• **Work task**: With pictures left out, retype exactly the lines from the one containing "Enjoy a cosy" through the final line of the entries.

• **Data to process**:
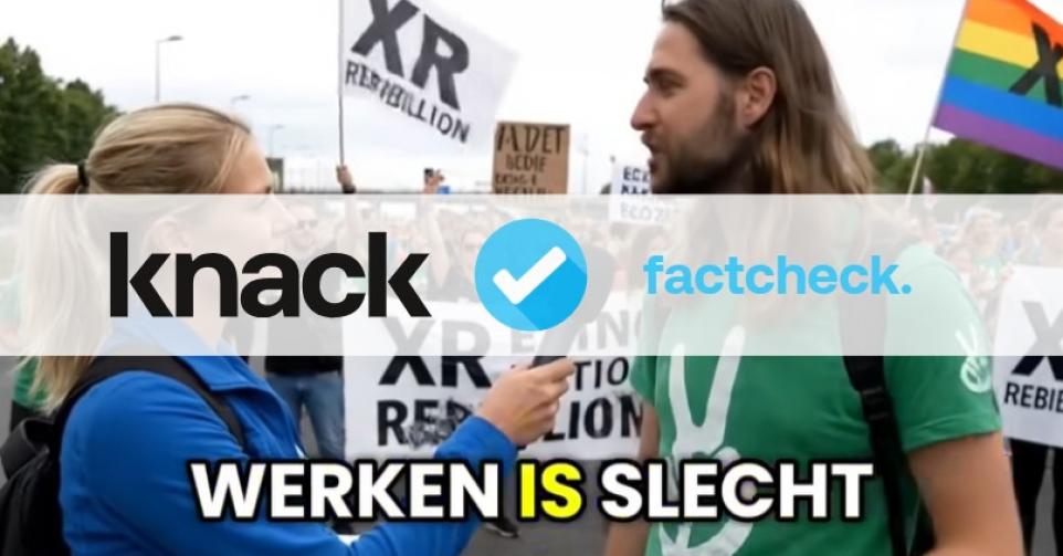 Online circuleert een filmpje waarin een demonstrant tijdens een interview zegt dat hij geen job heeft, omdat ‘werken slecht is voor het klimaat’. De video, die veel verontwaardigde reacties uitlokt, blijkt gemaakt met artificiële intelligentie.
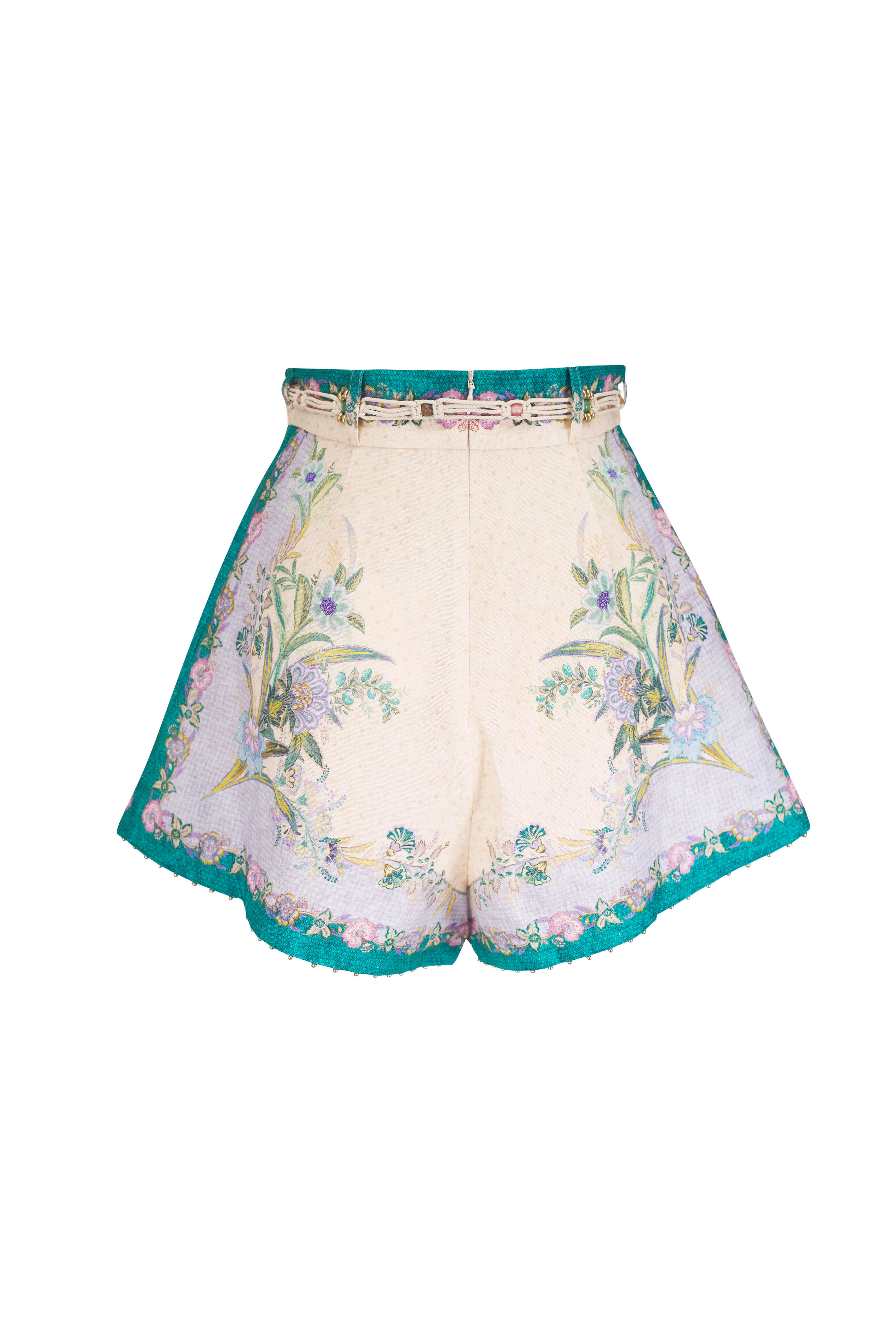 Concealed back zip. Banded waist; belt loops. Removable macramé belt. Side seam pockets. Beaded trim at hem. Placement printed. Imported. Inseam: 6". 100% linen; lining: 100% cotton. Dry clean.
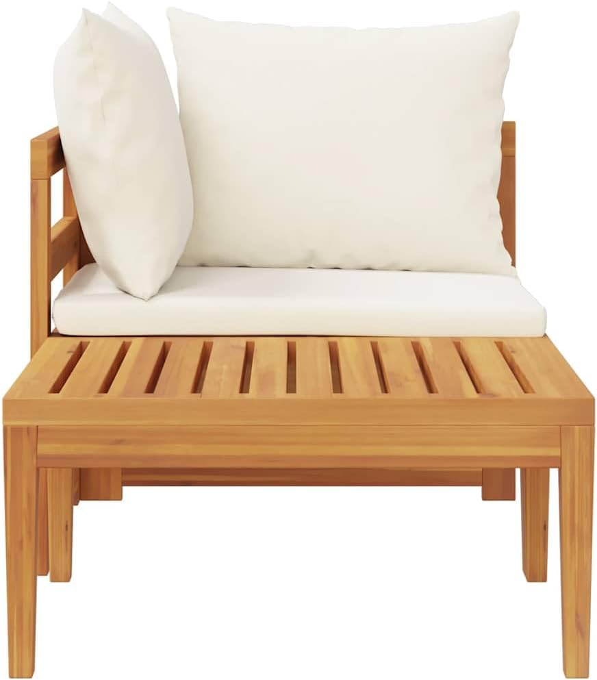 Enjoy a cosy leisure time with your friends or family in the outdoor space with this wooden patio lounge set!This outdoor lounge set is made of solid acacia wood, a hardwood with dense grains. This beautifully-designed garden lounge set is stable, durable and eye-catching. Additionally, the exquisite craftsmanship and beautiful wood grains make every piece slightly different from the next. In addition, the included cushions add more comfort while resting. The sturdy tabletop is ideal for placing drink and food.Note: In order to extend the life of your outdoor furniture, we recommend you to clean it regularly and do not leave it outdoors without protection unnecessarily.Clean: Use a mild soap solution.Storing: If possible, store in a cool, dry place indoors. If the product is stored outdoors, protect it with a waterproof cover. Wipe and dry the excess water or snow from flat surfaces after a rain or snowfall. Allow sufficient air circulation to avoid moisture-related damage.Cushion color: Cream whiteMaterial: Solid acacia wood with oil finish, fabric (100% polyester)Corner sofa dimensions: 26" x 26" x 23.6" (L x W x H)Table dimensions: 25.2" x 25.2" x 11.4" (L x W x H)Seat height from the ground: 11.4"Cushion thickness: 2.4"Pillow thickness: 4.7"Assembly required: YesDelivery contains:1 x Corner sofa1 x Seat cushion2 x Back pillow1 x Table
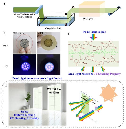 (a) A scheme of continuous production line of the green-tea-based all-biomass light-management films. (b) Application of the WPs-film and green-tea-based all-biomass composite films on a LED display device. (c) The UV-shielding mechanism of the green-tea-based all-biomass composite films. (d) The schematic scene of the green-tea-based all-biomass composite films attached to the glass door for the energy-saving buildings.
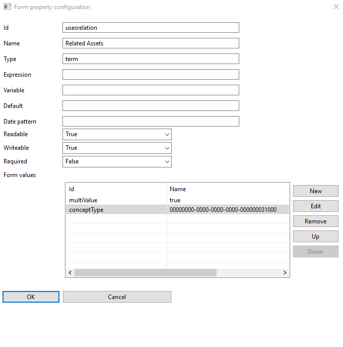 - The attribute conceptType set to specific asset type IDs, so it allows only assets of chosen types.

• **Response below**:
 Enjoy a cosy leisure time with your friends or family in the outdoor space with this wooden patio lounge set!This outdoor lounge set is made of solid acacia wood, a hardwood with dense grains. This beautifully-designed garden lounge set is stable, durable and eye-catching. Additionally, the exquisite craftsmanship and beautiful wood grains make every piece slightly different from the next. In addition, the included cushions add more comfort while resting. The sturdy tabletop is ideal for placing drink and food.Note: In order to extend the life of your outdoor furniture, we recommend you to clean it regularly and do not leave it outdoors without protection unnecessarily.Clean: Use a mild soap solution.Storing: If possible, store in a cool, dry place indoors. If the product is stored outdoors, protect it with a waterproof cover. Wipe and dry the excess water or snow from flat surfaces after a rain or snowfall. Allow sufficient air circulation to avoid moisture-related damage.Cushion color: Cream whiteMaterial: Solid acacia wood with oil finish, fabric (100% polyester)Corner sofa dimensions: 26" x 26" x 23.6" (L x W x H)Table dimensions: 25.2" x 25.2" x 11.4" (L x W x H)Seat height from the ground: 11.4"Cushion thickness: 2.4"Pillow thickness: 4.7"Assembly required: YesDelivery contains:1 x Corner sofa1 x Seat cushion2 x Back pillow1 x Table
 (a) A scheme of continuous production line of the green-tea-based all-biomass light-management films. (b) Application of the WPs-film and green-tea-based all-biomass composite films on a LED display device. (c) The UV-shielding mechanism of the green-tea-based all-biomass composite films. (d) The schematic scene of the green-tea-based all-biomass composite films attached to the glass door for the energy-saving buildings.
 - The attribute conceptType set to specific asset type IDs, so it allows only assets of chosen types.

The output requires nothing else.